Silicon carbonitride (SiCN) thin films were deposited on Si(100) substrates using plasma-enhanced chemical vapor deposition (PECVD) at a substrate temperature of 500℃. The films were synthesized using a gas mixture of SiH₄, CH₄, and N₂ with flow rates of 1, 16, and 83 sccm, respectively. The effect of RF power (50-150 W) on the film properties was systematically investigated. The deposition rate increased from 14.5 nm/min at 50 W to 43.3 nm/min at 150 W, with a reduced growth rate acceleration above 100 W. X-ray photoelectron spectroscopy (XPS), Rutherford backscattering spectrometry (RBS) and hydrogen forward scattering (HFS) analyses revealed that the films contained Si (35-39 at.%), C (24-27 at.%), N (33 at.%), and H (23 at.%). X-ray diffraction (XRD) measurements indicated an amorphous structure of the deposited films. The optical properties showed that the band gap decreased from 3.2 to 2.3 eV and the refractive index decreased from 2.1 to 2.0 with increasing RF power.

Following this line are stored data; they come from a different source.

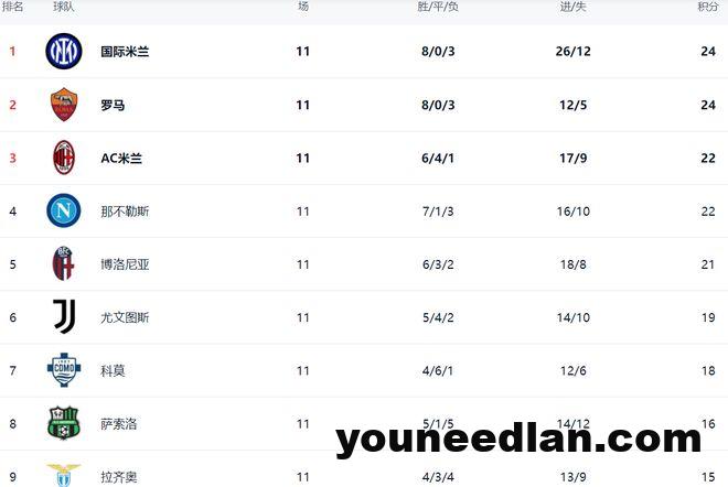 这一轮比赛全部踢完,积分榜易主,国际米兰8胜3负,拿到24分,登顶积分榜。罗马的战绩和国际米兰一模一样,也是24分。但是,罗马的净胜球只有7个,而国际米兰的净胜球有14个。因此,罗马只能屈居第2。AC米兰排名第3,拿到22分。输球的那不勒斯也是22分,排名第4。博洛尼亚则升到了第5名,把尤文图斯挤了下去。尤文图斯只拿到19个积分。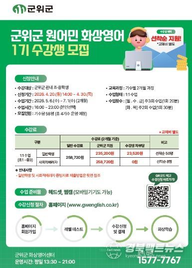 경북팩트뉴스 남유신 기자 | 군위군은 관내 초·중학생의 영어 능력 향상과 사교육비 부담 완화를 위해 ‘1:1 원어민 화상영어’ 프로그램 1기 수강생을 4월 30일까지 선착순 모집한다고 밝혔다.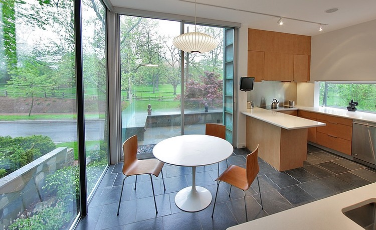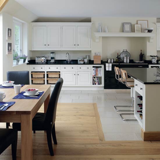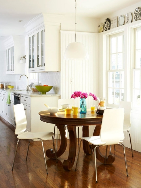 Néhány nagyvonalú megoldás a konyhai étkezésre (a bemutatott példákban a fapadló nagyon nem tetszik, helyette én mindenhová konyhába alkalmas burkolatot keresnék!):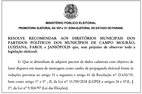 O Ministério Público Eleitoral emitiu recomendação para os partidos polítidos da comarca de Campo Mourão. O que foi pedido? "Que se abstenham de adquirir pacotes de dados cadastrais com objetivo de fazer disparos em massa de mensagens como cunho de propaganda eleitoral".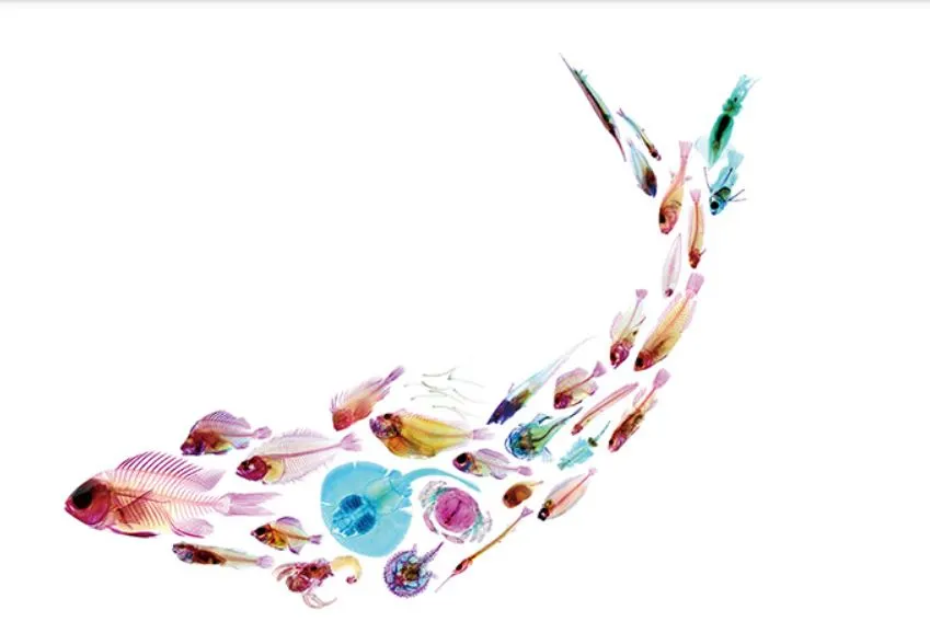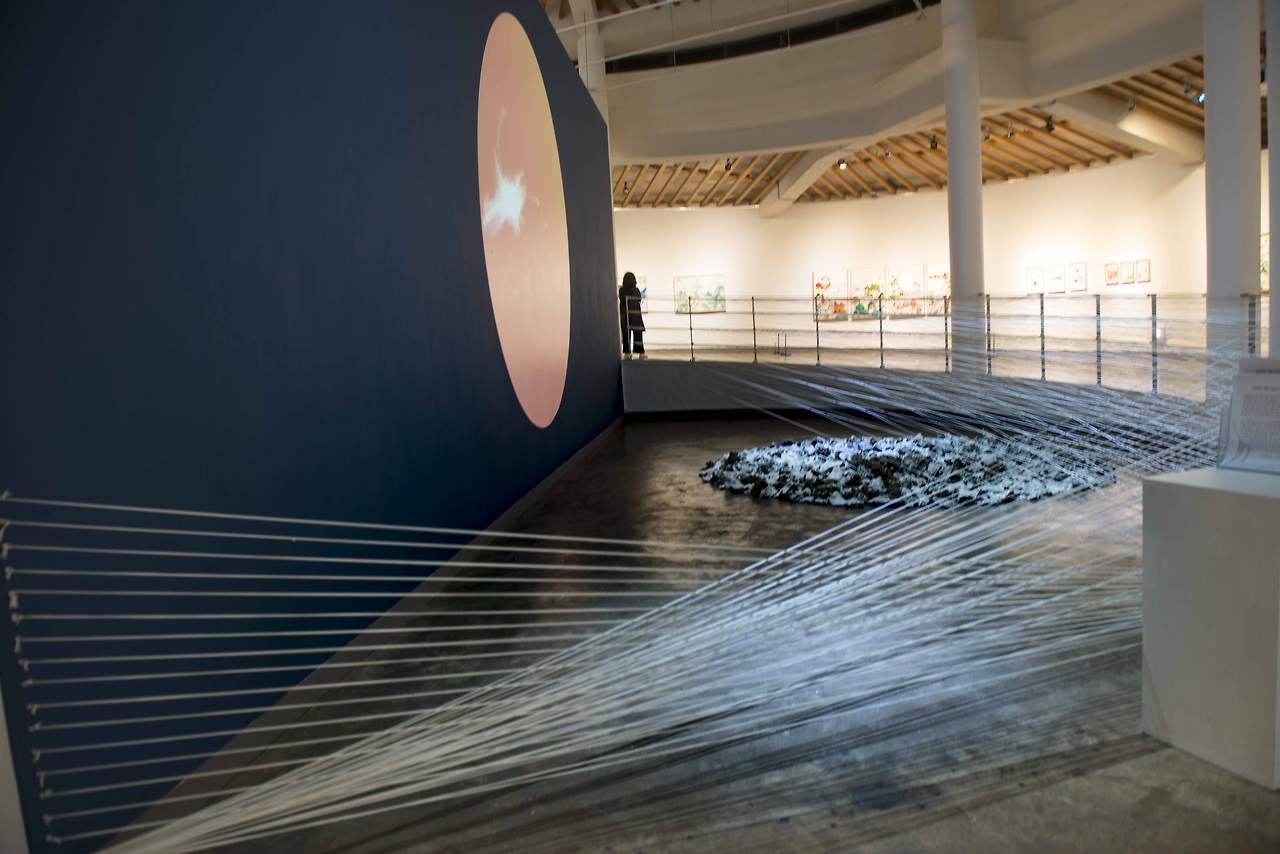 이승현의 피쉬본 제주라는 작품으로 실제 생선을 골격 염색 후 약품 처리한 작품

Nanoindentation measurements demonstrated that the maximum hardness of 30 GPa was achieved at 75 W RF power, which is attributed to the optimum balance between Si-N and Si-C bonds. The obtained a-SiCN:H films exhibited properties suitable for applications in semiconductor devices as insulating and protective layers, as well as for optical coatings and hard protective coatings for tools.